Coronavirus cases in England fell approximately 30% during the shutdown



[ad_1]

Smear tests on more than 105,000 people showed that Covid-19 infections are declining in England, according to an interim report from the Real-Time Assessment of Community Transmission (REACT) program.

The report includes results of coronavirus home tests taken between November 13 and 24, and shows that “an estimated 0.96% of the population in England has the virus, or about 1 in 100 people.”

“This is roughly a 30% drop in the number of infections compared to previous findings, where more than 1 in 80 or 1.3% of people had the virus as of November 2,” according to the Imperial researchers. College London and Ipsos MORI.

England’s four-week nationwide lockdown, in which nonessential businesses were closed and residents told not to mix with other households, began on November 5 and will end on Wednesday.

It came after the UK experienced a second wave of infection, particularly affecting the northern regions of England. The government introduced a localized system for the country, under which regions where infections were high were subjected to stricter restrictions than other areas. England will return to a tiered system on Wednesday.

“We are seeing a drop in infections nationwide and particularly in regions that were previously hit the hardest. These trends suggest that the tiered approach helped curb infections in these areas and that the lockdown has added to this. effect, “said Paul. Elliott, program director at Imperial.

Europe was the largest contributor to new Covid-19 cases and deaths in the past week, says WHO

Cases were down in most of England, most dramatically in the country’s former hotspots in the north, where they fell by more than 50%, the researchers found. There was very little change in London and the East Midlands, but the rapid growth of the epidemic seen in the capital and the south in mid-to-late October was no longer evident.

The West Midlands now has the highest number of infections at 1.55% of the population, according to the report.

The research showed that the R number (or reproduction number, which indicates how many more people each infected person transmits the virus to) has fallen below 1 to an estimated 0.88, “which means that the country’s epidemic is currently it is shrinking instead of growing. ” according to the researchers.

London had the highest R number in the country at 0.95, while the lowest were found in the North West and North East of England, at 0.76 and 0.78, respectively.

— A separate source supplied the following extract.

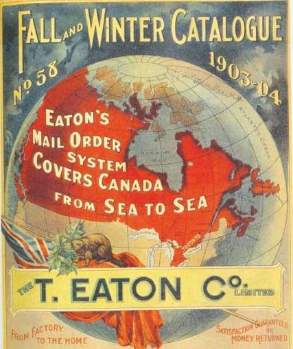 T. Eaton catalogue cover. Mail order shopping from a catalogue for anything and everything people could want was a way of life for decades from the late 19th century all over Canada. Operated by department store chains that sold everything; including clothing, furniture, and appliances often with entire floors for each. Eventually they were in many cities and towns in downtown business districts and later frequently anchoring indoor shopping malls. Toronto merchant Timothy Eaton opened a dry goods store in downtown in December 1869. His T. Eaton and Company started a mail order catalogue in 1884 that lasted until 1976. The company itself would carry on until it went bankrupt in August 1999. Likewise fellow merchant Robert Simpson equally operated a country wide mail order business The Robert Simpson Company Limited. These catalogues were printed in Spring-Summer, Fall-Winter and even Christmas editions which grew to 500 pages by 1920's. Every household had one or both businesses catalogues. They were used in every city, town, village or rural farm and at one time even sold small houses and barns! Decades before online shopping and Amazon existed people shopped from home and quickly received free delivery by rail freight and express with local truck to their door operated their own companion fleets. Truly, as the old saying goes, "There is nothing new under the sun!"

Infections decreased in most age groups, except for school-age groups, where there was an increase, the researchers said. Schools remained open during the second national closure, while they were closed in the first closure in spring. Fewer children seem to be getting seriously ill with the virus.

The researchers also drew attention to the fact that “the virus is having an uneven impact” on people, and healthcare workers, people living in large households and people from ethnic minorities are at increased risk of infection. .

There was also a link with deprivation, according to the report, with people in the poorest areas having the highest number of infections. The researchers said this suggested that social inequalities could be contributing to the virus spreading more in certain communities.

Other scientists have raised questions about how asymptomatic Covid-19 cases can affect the virus case count.

“In the most recent [REACT] survey about 40% of those who tested positive had no symptoms at the time the sample was taken, “Mark Woolhouse, an epidemiologist at the University of Edinburgh, told the UK’s Science Media Center.

He noted that this was about 1 in 200 people, which would equal more than 250,000 cases in England.

Woolhouse said the results support the UK government’s goal “to make mass testing as widely available as possible to find large numbers of people who may be unknowingly infectious.”